Abstract
Flavins are cofactors in many electron-transfer enzymes. Typically, two types of flavins perform this role: 5′-phosphoriboflavin (FMN) and flavin-adenine dinucleotide (FAD). Both of these are riboflavin derivatives, but riboflavin itself has never been reported to be an enzyme-bound component. We now report that tightly bound riboflavin is a component of the NADH-driven sodium pump from Vibrio cholerae.
Sodium-pumping NADH–quinone oxidoreductase (Na+-NQR) is one of a number of enzymes that catalyze the oxidation of NADH and the reduction of ubiquinone (1). This is the only known case in which the redox reaction is coupled directly to pumping sodium ions across the cell membrane (2). The electrochemical sodium gradient generated by Na+-NQR is a source of energy for cellular functions such as driving the bacterial flagellum and transporting nutrients into the cell (3, 4).

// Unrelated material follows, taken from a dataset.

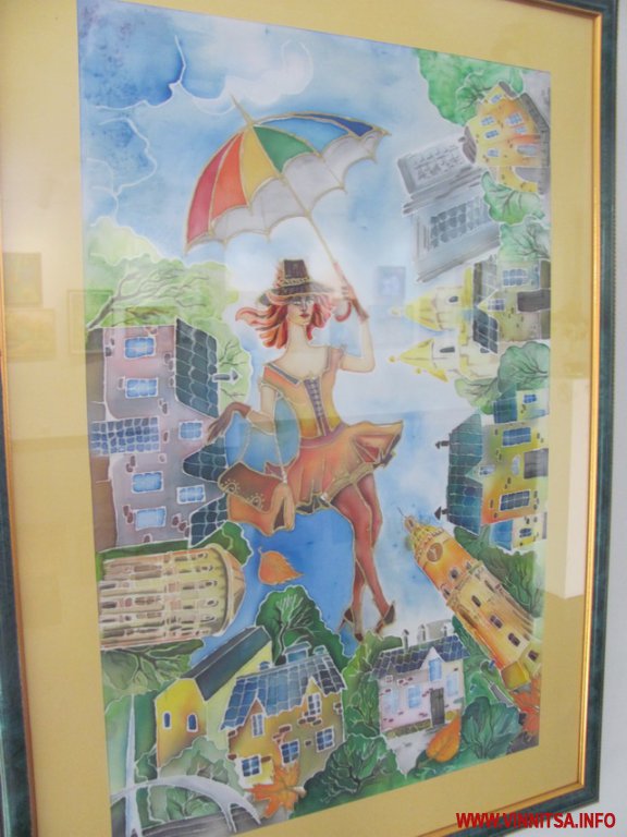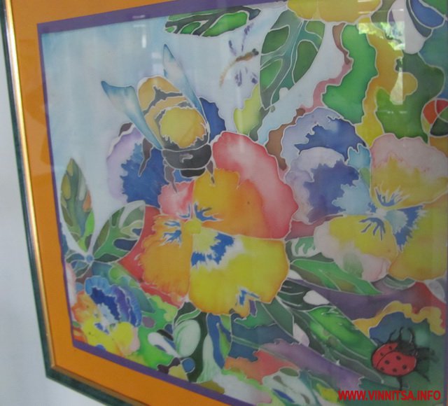 На виставці представлено більше півсотні картин, написаних акрилом і пастеллю, олією і гуашшю. Окреме місце займають графіка, граттаж, витинанки і батік, а найдовше відвідувачі зупиняються біля вітражів - яскраві розписи по склу нікого не залишають байдужими! Мальовані роботи доповнені творами декоративно-прикладного мистецтва. Декоровані квіти, аплікації, розписні керамічні вази - все зроблено не тільки з душею і теплотою, а й - на найвищому рівні.

Na+-NQR is the entry point for electrons into the respiratory chain of a number of marine and pathogenic bacteria (5–7). The enzyme has been isolated from several of these bacteria (8, 9) including Vibrio cholerae (10). The nqr operon from V. cholerae has been cloned and expressed in the parent organism (10), and the purified recombinant enzyme has been used in the current studies. The purified Na+-NQR is an assembly of six polypeptide subunits (NqrA–F; ref. 10). Analysis of the polypeptide sequences indicates that five of the subunits contain transmembrane helices (11). There is no sequence homology to the subunits of the mitochondrial-type H+-translocating NADH–quinone oxidoreductase (complex I).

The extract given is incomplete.